I am not sure if (with overcommit disabled) you have to allocate memory space for the entire binary or not.
the problem with your suggestion (only allow overcommit for processes that just forked), is that I don't see that working. you have no way of knowing if the process is going to exec something (relatively) soon, or if it's apache that forked a child that is going to stay running for the next year.
And I don't think it helps anyway.
the problem scenario is
large process A forks (creating A`), almost all it's memory is COW
process B allocates some memory, but doesn't touch it yet
process A` changes some memory (breaking COW), requiring real memory to hold the result.
process B then tries to use the memory it had previously allocated and finds that it is not available.
if you could somehow define 'forked recently' in a way that could be cheap enough, then you could possibly do it.
All this said, I really don't see many cases in practice where disabling overcommit will really help.
yes, you avoid the OOM killer kicking in and instead the process that tried to allocate memory dies instead.
but the idea that (in the general case), this will make your system more predictable is not something I believe. you have no way of knowing _which_ process (including system daemons) will need to allocate more memory at the instant that you are out, so you really don't know which process will die anyway. (and no, in general processes and libraries don't do anything except die when they run out of memory).
in some ways, it would make it easier to DOS a system, just have your memory hog _not_ die if a malloc fails, instead sleep and try again. eventually something else in the system will need memory and die, then you can repeat the process. you won't even be able to ssh in to the box to fix it, as you won't be able to spawn/fork a new process (as that will require memory allocation)
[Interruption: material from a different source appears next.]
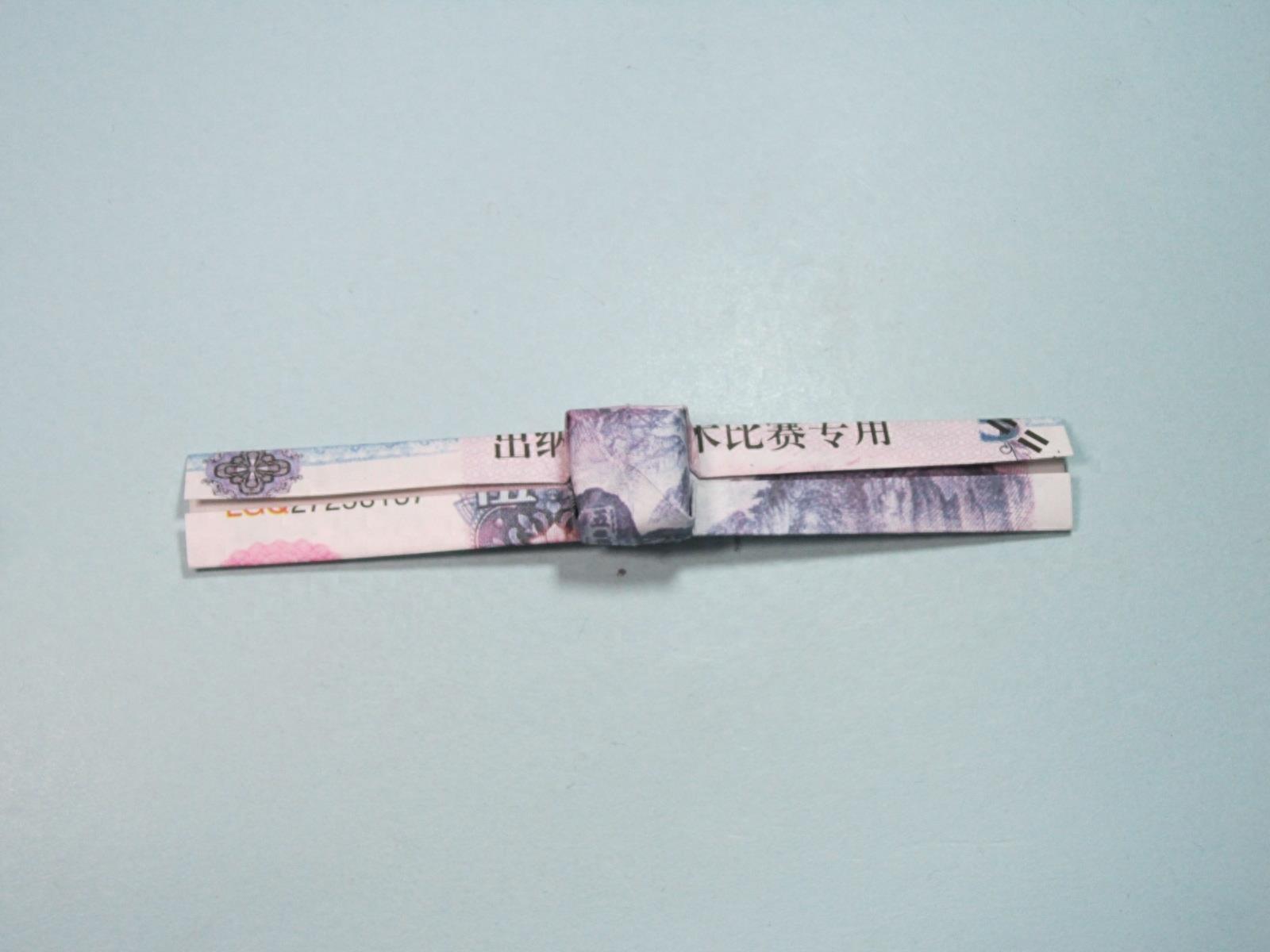 第1步、首先准备一张崭新的纸币,再将纸币的上下两条长边对折,展开,留下折痕。

there's also the problem that without overcommit you need to have significantly more swap enabled in the system (since you have to have enough ram+swap to handle the peak theoretical memory use from large processes doing a fork+exec), and with the increasing gap between memory speed and disk speed, your system will dive into swap to the point of being useless (including the inability to login to it) before you start getting memory failures. With overcommit you can have a small amount of swap (including none) and instead count on the OOM killer + watchdog timers to bring the box down (and possibly even reboot it to recover) rather than having the box 'up' but unable to provide service.